◆ **YOUR TASK**
Transcribe, starting at the line with "Este Dodge Challenger" and ending at the line with "ОСТРОВ СОКРОВИЩ, 661580", every line of the material below exactly, but leave out the pictures and anything outside that span.

◆ **RECORD EXCERPTS**
● ● ● ● ●
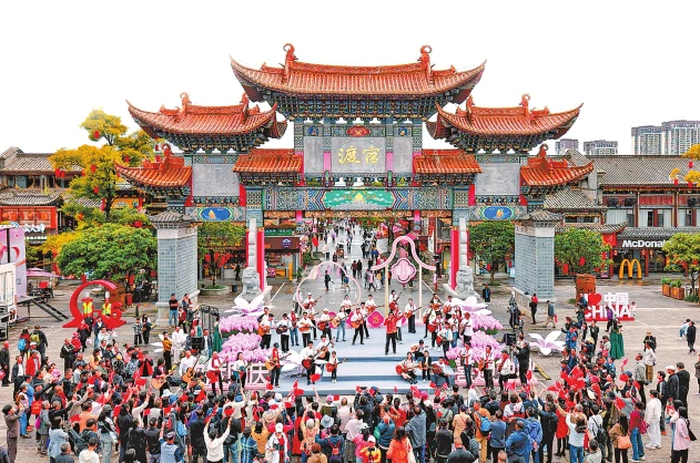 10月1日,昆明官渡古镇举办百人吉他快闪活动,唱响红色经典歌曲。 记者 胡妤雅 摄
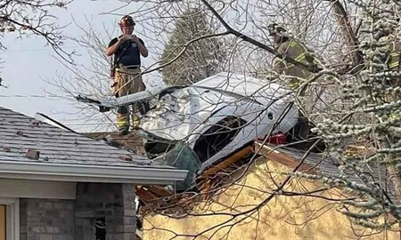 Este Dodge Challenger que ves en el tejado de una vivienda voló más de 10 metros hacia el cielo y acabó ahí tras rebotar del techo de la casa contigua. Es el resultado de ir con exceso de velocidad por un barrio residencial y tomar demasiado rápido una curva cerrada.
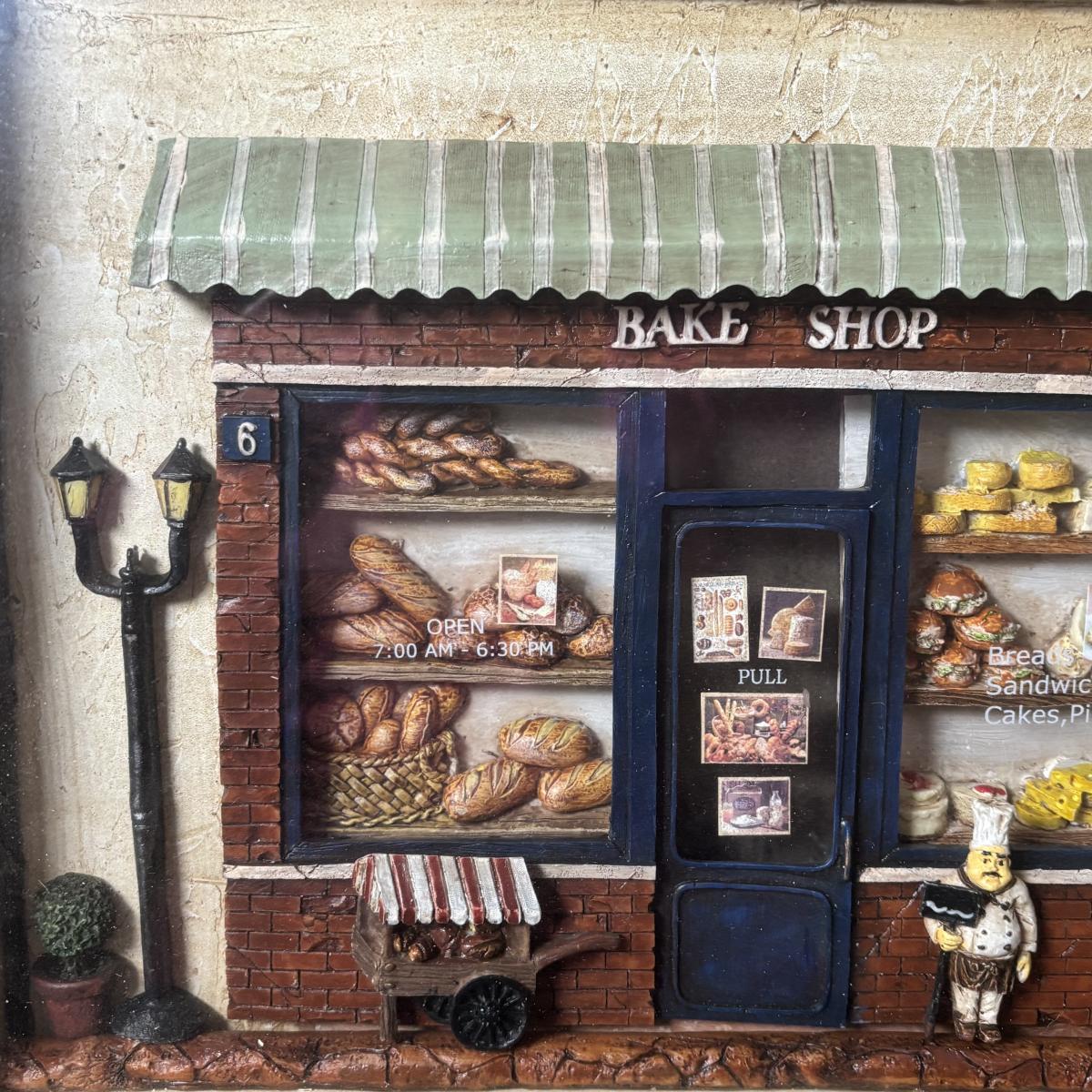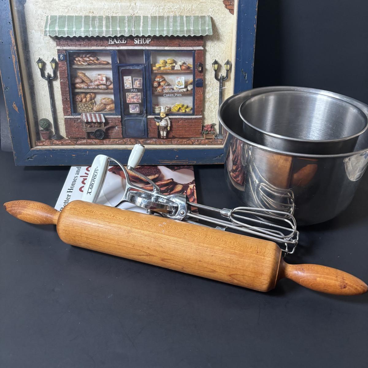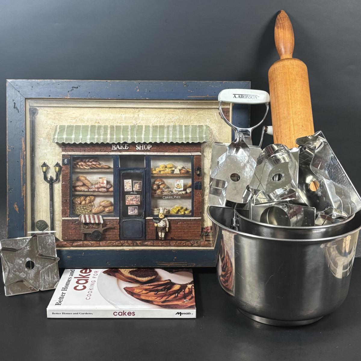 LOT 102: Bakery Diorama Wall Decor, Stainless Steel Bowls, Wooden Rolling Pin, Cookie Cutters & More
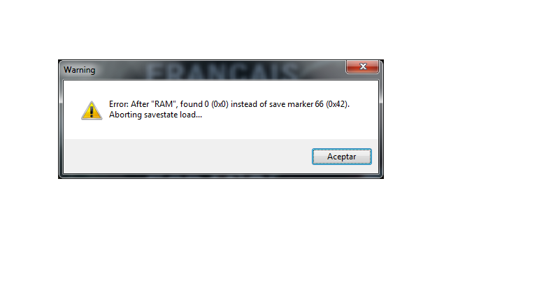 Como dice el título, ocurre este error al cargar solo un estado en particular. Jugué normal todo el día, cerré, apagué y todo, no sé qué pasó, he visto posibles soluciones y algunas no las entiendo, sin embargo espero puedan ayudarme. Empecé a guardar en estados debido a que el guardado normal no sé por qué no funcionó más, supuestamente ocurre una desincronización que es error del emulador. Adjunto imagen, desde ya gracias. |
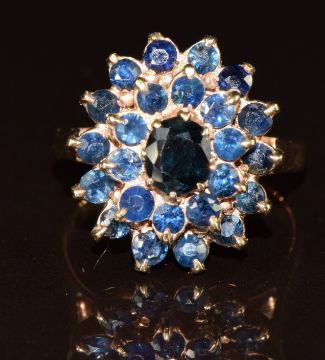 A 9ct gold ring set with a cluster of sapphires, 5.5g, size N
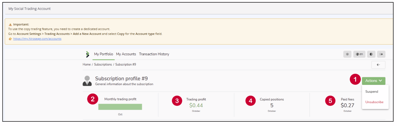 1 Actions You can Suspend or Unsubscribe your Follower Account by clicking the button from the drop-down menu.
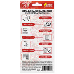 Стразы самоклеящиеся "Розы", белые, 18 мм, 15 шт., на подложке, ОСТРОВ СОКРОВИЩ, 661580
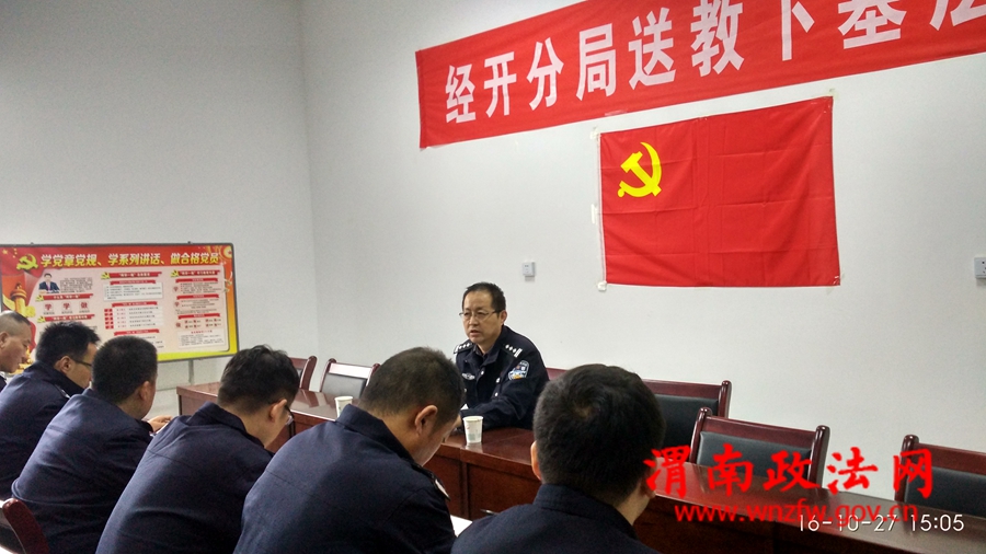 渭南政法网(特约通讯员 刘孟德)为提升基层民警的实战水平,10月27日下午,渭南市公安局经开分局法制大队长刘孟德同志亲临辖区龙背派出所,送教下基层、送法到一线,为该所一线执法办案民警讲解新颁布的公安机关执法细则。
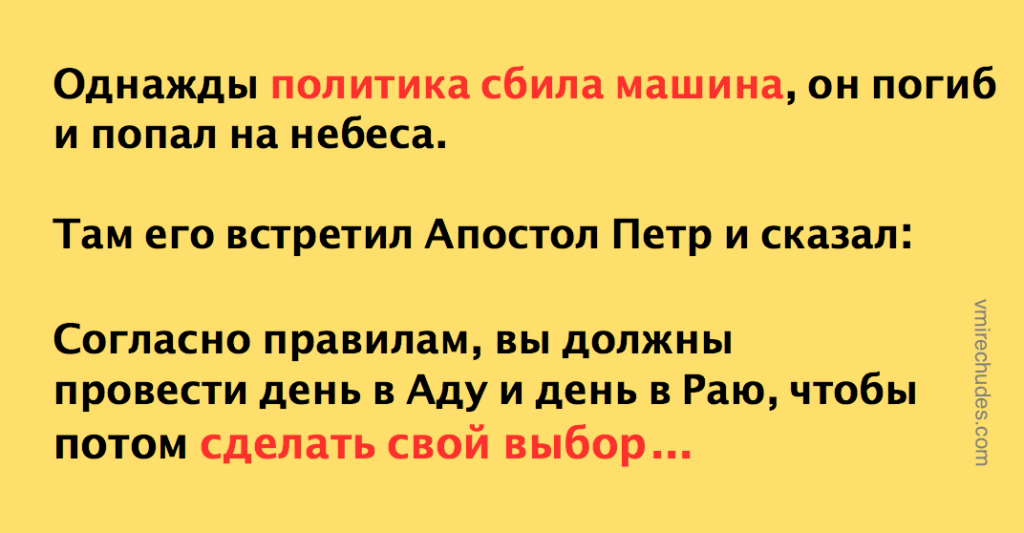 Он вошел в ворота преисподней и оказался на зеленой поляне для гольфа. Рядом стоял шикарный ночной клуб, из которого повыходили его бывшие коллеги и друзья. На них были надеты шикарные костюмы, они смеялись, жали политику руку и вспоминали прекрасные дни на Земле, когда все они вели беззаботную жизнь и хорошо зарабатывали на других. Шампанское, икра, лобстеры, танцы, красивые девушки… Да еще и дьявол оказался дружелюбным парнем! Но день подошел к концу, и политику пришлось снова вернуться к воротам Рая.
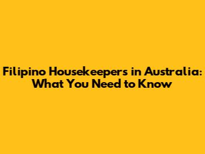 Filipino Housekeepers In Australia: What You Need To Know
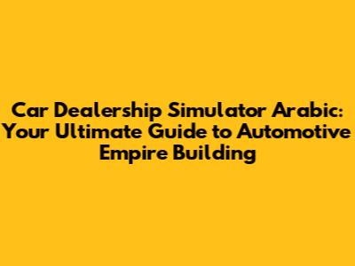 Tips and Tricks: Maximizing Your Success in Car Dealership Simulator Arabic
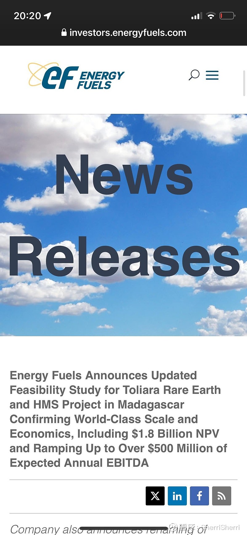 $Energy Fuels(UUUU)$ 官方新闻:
● ● ● ● ●
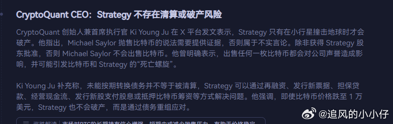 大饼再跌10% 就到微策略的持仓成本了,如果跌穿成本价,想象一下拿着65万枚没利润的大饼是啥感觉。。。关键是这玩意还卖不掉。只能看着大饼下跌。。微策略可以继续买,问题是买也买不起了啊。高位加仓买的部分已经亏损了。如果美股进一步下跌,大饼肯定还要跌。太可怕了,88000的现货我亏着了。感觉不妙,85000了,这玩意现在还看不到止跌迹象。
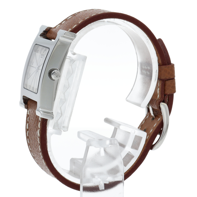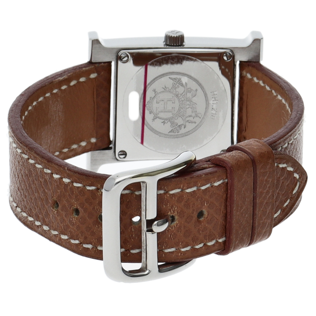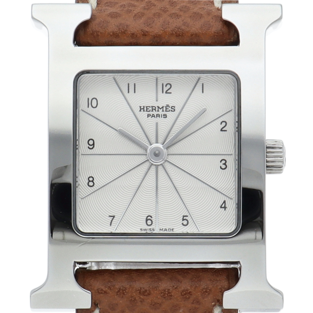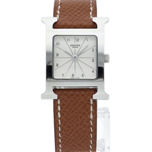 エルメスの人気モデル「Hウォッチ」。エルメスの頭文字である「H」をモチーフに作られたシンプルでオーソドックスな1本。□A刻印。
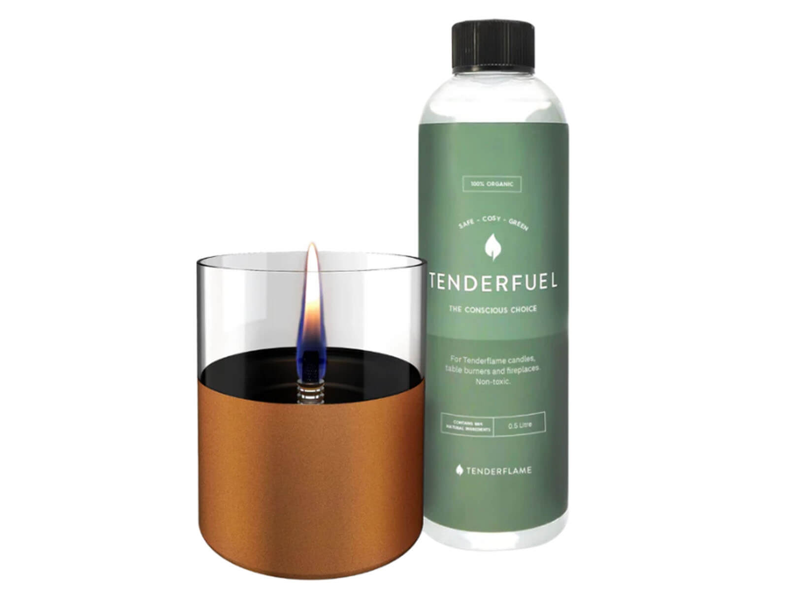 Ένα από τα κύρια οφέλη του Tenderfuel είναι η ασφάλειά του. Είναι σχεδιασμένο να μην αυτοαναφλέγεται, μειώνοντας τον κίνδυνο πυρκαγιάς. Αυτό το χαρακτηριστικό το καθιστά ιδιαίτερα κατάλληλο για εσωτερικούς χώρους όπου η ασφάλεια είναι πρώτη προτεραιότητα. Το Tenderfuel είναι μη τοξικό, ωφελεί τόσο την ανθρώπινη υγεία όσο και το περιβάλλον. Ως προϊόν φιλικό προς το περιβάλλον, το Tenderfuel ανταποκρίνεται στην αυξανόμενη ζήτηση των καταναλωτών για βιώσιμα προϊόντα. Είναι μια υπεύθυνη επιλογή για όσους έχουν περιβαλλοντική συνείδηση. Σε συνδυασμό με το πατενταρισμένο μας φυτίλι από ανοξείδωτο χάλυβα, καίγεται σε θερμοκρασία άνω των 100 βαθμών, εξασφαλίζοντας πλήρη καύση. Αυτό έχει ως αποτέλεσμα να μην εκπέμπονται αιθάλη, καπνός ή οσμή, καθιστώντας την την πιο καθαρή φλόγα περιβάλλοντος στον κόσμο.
● ● ● ● ●
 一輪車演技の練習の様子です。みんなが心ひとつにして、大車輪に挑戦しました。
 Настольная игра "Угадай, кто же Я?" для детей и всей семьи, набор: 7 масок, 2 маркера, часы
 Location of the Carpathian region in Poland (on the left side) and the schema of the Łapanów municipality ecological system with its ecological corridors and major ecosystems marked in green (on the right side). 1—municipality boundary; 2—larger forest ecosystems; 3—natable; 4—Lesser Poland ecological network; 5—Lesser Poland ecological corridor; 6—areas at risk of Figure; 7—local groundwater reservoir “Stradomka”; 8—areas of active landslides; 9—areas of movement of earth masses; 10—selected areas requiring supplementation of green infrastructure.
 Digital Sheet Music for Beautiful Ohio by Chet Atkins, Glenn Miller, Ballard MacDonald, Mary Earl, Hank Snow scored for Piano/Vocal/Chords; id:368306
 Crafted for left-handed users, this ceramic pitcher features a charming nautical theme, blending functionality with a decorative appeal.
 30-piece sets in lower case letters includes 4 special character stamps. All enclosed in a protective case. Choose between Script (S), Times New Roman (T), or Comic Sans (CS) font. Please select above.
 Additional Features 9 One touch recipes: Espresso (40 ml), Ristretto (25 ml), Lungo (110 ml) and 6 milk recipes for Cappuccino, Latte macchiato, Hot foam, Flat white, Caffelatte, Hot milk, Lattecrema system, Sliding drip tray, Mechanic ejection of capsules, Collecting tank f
● ● ● ● ●
◆ **RESPONSE**
 Este Dodge Challenger que ves en el tejado de una vivienda voló más de 10 metros hacia el cielo y acabó ahí tras rebotar del techo de la casa contigua. Es el resultado de ir con exceso de velocidad por un barrio residencial y tomar demasiado rápido una curva cerrada.
 LOT 102: Bakery Diorama Wall Decor, Stainless Steel Bowls, Wooden Rolling Pin, Cookie Cutters & More
 Como dice el título, ocurre este error al cargar solo un estado en particular. Jugué normal todo el día, cerré, apagué y todo, no sé qué pasó, he visto posibles soluciones y algunas no las entiendo, sin embargo espero puedan ayudarme. Empecé a guardar en estados debido a que el guardado normal no sé por qué no funcionó más, supuestamente ocurre una desincronización que es error del emulador. Adjunto imagen, desde ya gracias. |
 A 9ct gold ring set with a cluster of sapphires, 5.5g, size N
 1 Actions You can Suspend or Unsubscribe your Follower Account by clicking the button from the drop-down menu.
 Стразы самоклеящиеся "Розы", белые, 18 мм, 15 шт., на подложке, ОСТРОВ СОКРОВИЩ, 661580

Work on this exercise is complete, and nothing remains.